[Stored records]

◆ ◆ ◆ ◆

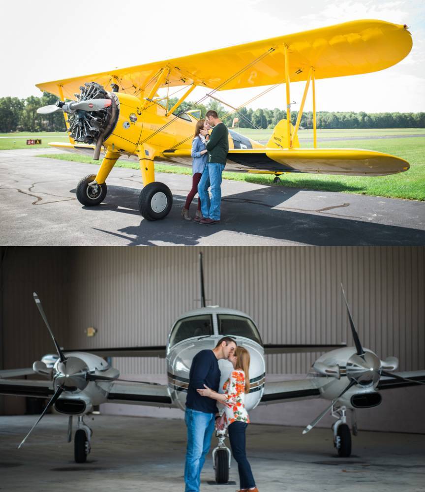 This stunning photo shoot of Chris and Maeve shows how they both love airplanes. Captured with classic aeronautic marvels, the couple wanted their engagement session to be memorable and still show their love of flying.
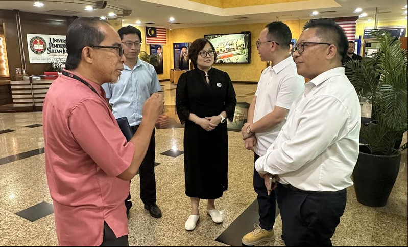 在馬來西亞蘇丹依德里斯教育大學(UPSI),代表團參觀了兩個校區(qū)的圖書館、行政樓及中文系等教學設(shè)施,并與體育學院院長舉行會談。雙方圍繞“職教出?!敝黝},探討了在體育教育、師資培訓、課程共建、中文+等領(lǐng)域合作的可能性,一致同意未來加強溝通,推動具體項目落地。
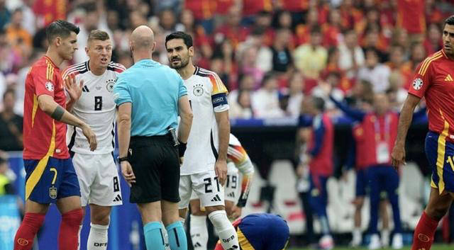 五大联赛,五大联赛直播,英超直播,西甲赛程,意甲比分,德甲预测,法甲分析/全网最全五大联赛资讯平台,涵盖英超、西甲、德甲、意甲、法甲直播入口、赛程积分、实时比分与专家预测分析,手机电脑均可访问!在北京时间7月6日进行的欧洲杯首场1/4决赛中,东道主德国男足以1-2的比分被西班牙绝杀,无缘晋级4强。这场备受瞩目的对决也成为了一场惨烈的碰撞,全场比赛共有39次犯规,主裁安东尼·泰勒则吹罚了16次黄牌和1张红牌。
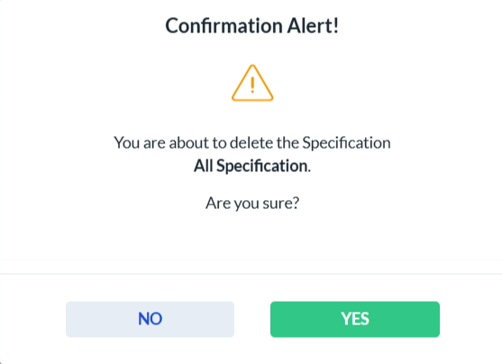 To delete a vehicle specification, click the Delete icon in the Actions column. A confirmation dialog will appear. Click Yes to permanently delete the selected specification, or No to cancel the action.
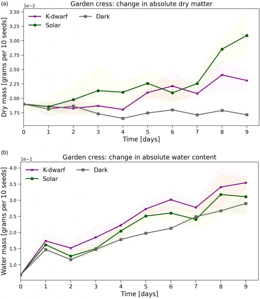 The researchers also measured water content and dry mass. Under K-dwarf conditions, the watercress had slightly higher water content, while the dry content was lower compared to solar conditions.
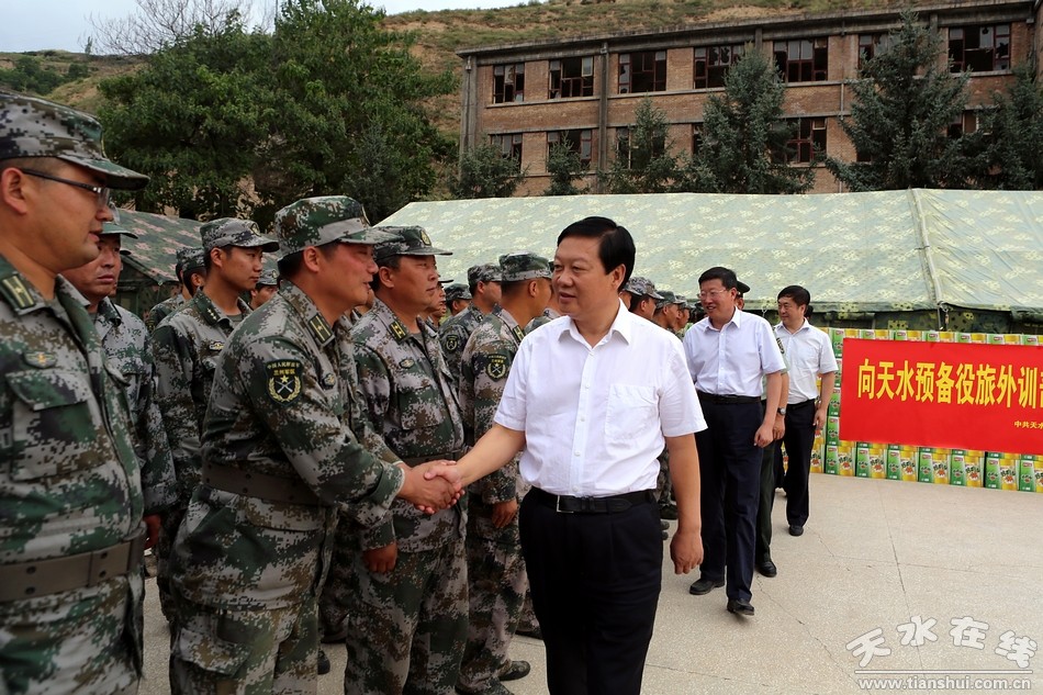8月22日下午,天水市委副書記、市長楊維俊赴武山縣四門鎮(zhèn),代表市委、市政府和天水軍分區(qū),看望慰問了正在外訓(xùn)的天水陸軍預(yù)備役步兵旅全體官兵,為他們送去了慰問品,并與外訓(xùn)部隊(duì)官兵座談,共敘軍民魚水深情。 市委副書記、市政協(xié)主席宋尚有,市委常委、秘書長蔣曉強(qiáng),市委常委、天水軍分區(qū)司令員李建中參加慰問。

◆ ◆ ◆ ◆

## How to complete this task
Write the lines out exactly, beginning at the line that holds "在馬來西亞蘇丹依德里斯教育大" and stopping after the last line of the entries; include no pictures.

## Written answer
 在馬來西亞蘇丹依德里斯教育大學(UPSI),代表團參觀了兩個校區(qū)的圖書館、行政樓及中文系等教學設(shè)施,并與體育學院院長舉行會談。雙方圍繞“職教出?!敝黝},探討了在體育教育、師資培訓、課程共建、中文+等領(lǐng)域合作的可能性,一致同意未來加強溝通,推動具體項目落地。
 五大联赛,五大联赛直播,英超直播,西甲赛程,意甲比分,德甲预测,法甲分析/全网最全五大联赛资讯平台,涵盖英超、西甲、德甲、意甲、法甲直播入口、赛程积分、实时比分与专家预测分析,手机电脑均可访问!在北京时间7月6日进行的欧洲杯首场1/4决赛中,东道主德国男足以1-2的比分被西班牙绝杀,无缘晋级4强。这场备受瞩目的对决也成为了一场惨烈的碰撞,全场比赛共有39次犯规,主裁安东尼·泰勒则吹罚了16次黄牌和1张红牌。
 To delete a vehicle specification, click the Delete icon in the Actions column. A confirmation dialog will appear. Click Yes to permanently delete the selected specification, or No to cancel the action.
 The researchers also measured water content and dry mass. Under K-dwarf conditions, the watercress had slightly higher water content, while the dry content was lower compared to solar conditions.
8月22日下午,天水市委副書記、市長楊維俊赴武山縣四門鎮(zhèn),代表市委、市政府和天水軍分區(qū),看望慰問了正在外訓(xùn)的天水陸軍預(yù)備役步兵旅全體官兵,為他們送去了慰問品,并與外訓(xùn)部隊(duì)官兵座談,共敘軍民魚水深情。 市委副書記、市政協(xié)主席宋尚有,市委常委、秘書長蔣曉強(qiáng),市委常委、天水軍分區(qū)司令員李建中參加慰問。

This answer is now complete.